The answer must reproduce the listing exactly, with every picture left out.

### DATASET CONTENT
━━━━
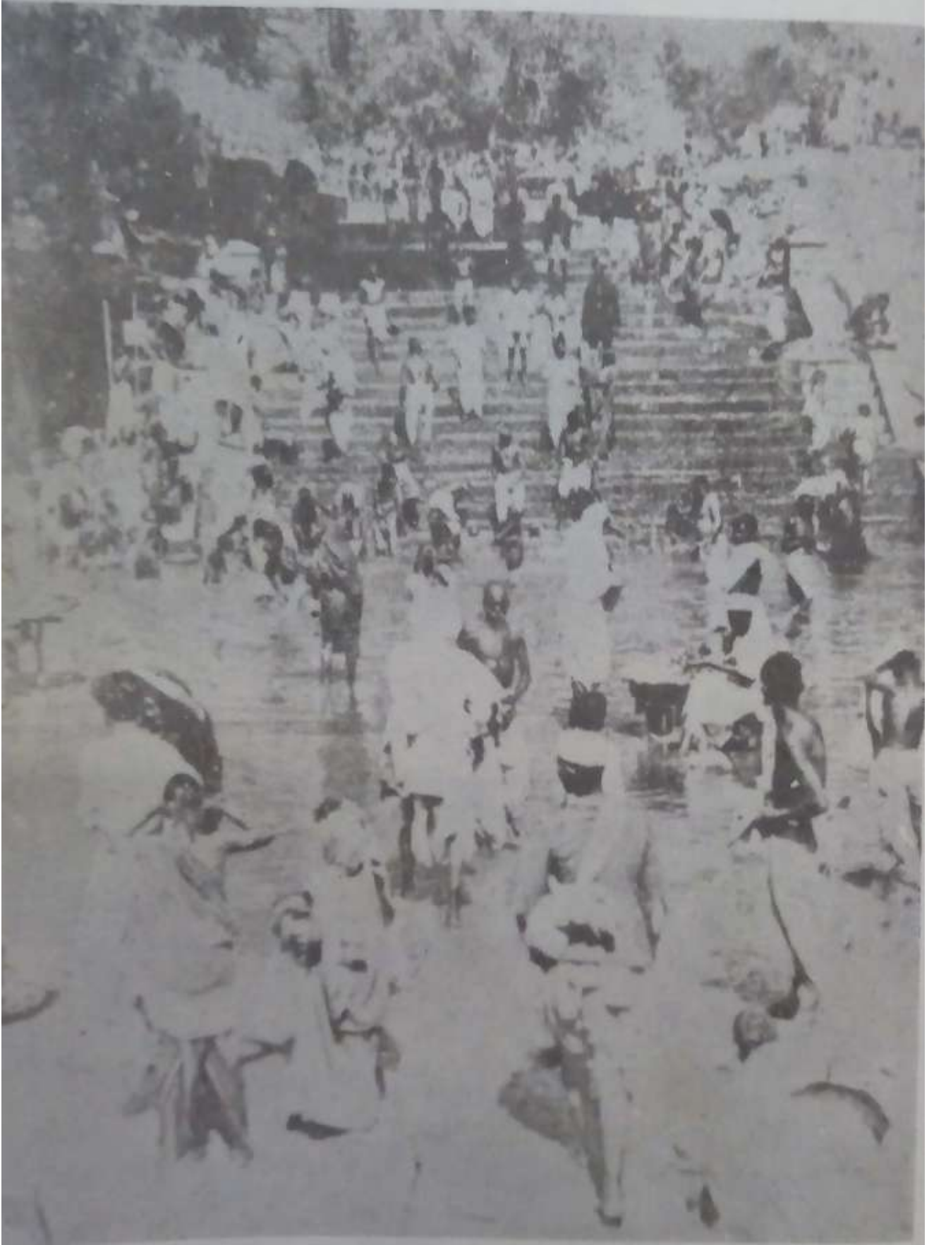
पूर्ण नदीवरील घाट गाडगंवाचा यांनी १९०८ साली बांधला
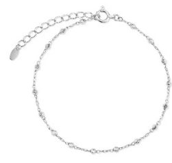
『グリッド / ブレスレット』 プラチナ 850
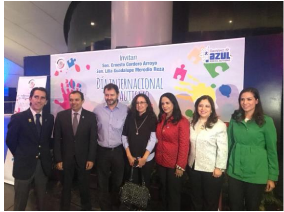
Día Internacional del Autismo
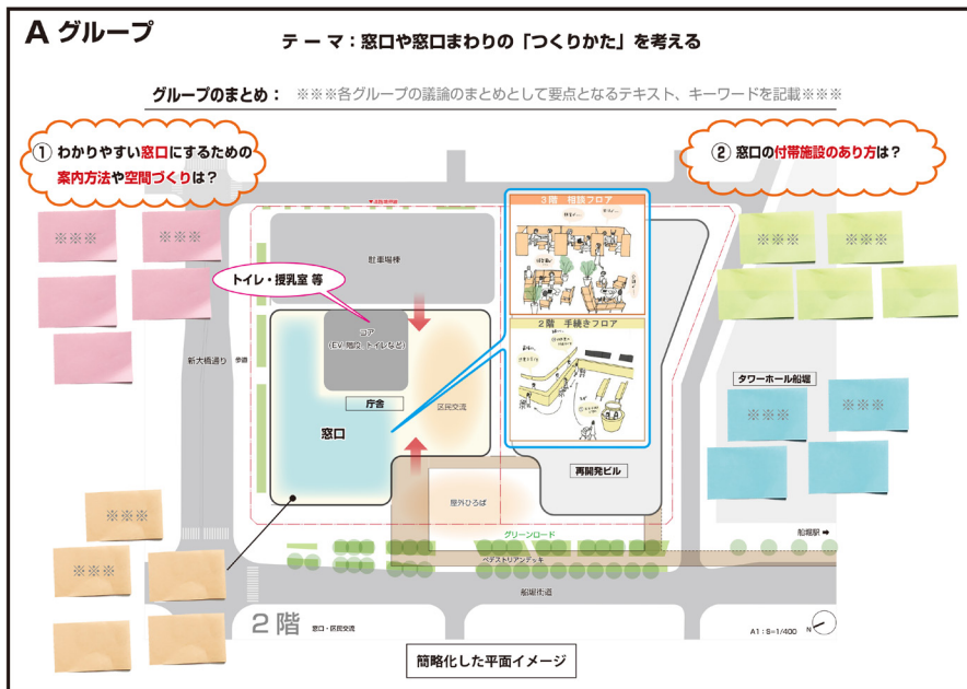
ワークショップで使用した配置イメージ図
━━━━
### RESULT OF THIS TASK
पूर्ण नदीवरील घाट गाडगंवाचा यांनी १९०८ साली बांधला
『グリッド / ブレスレット』 プラチナ 850
Día Internacional del Autismo
ワークショップで使用した配置イメージ図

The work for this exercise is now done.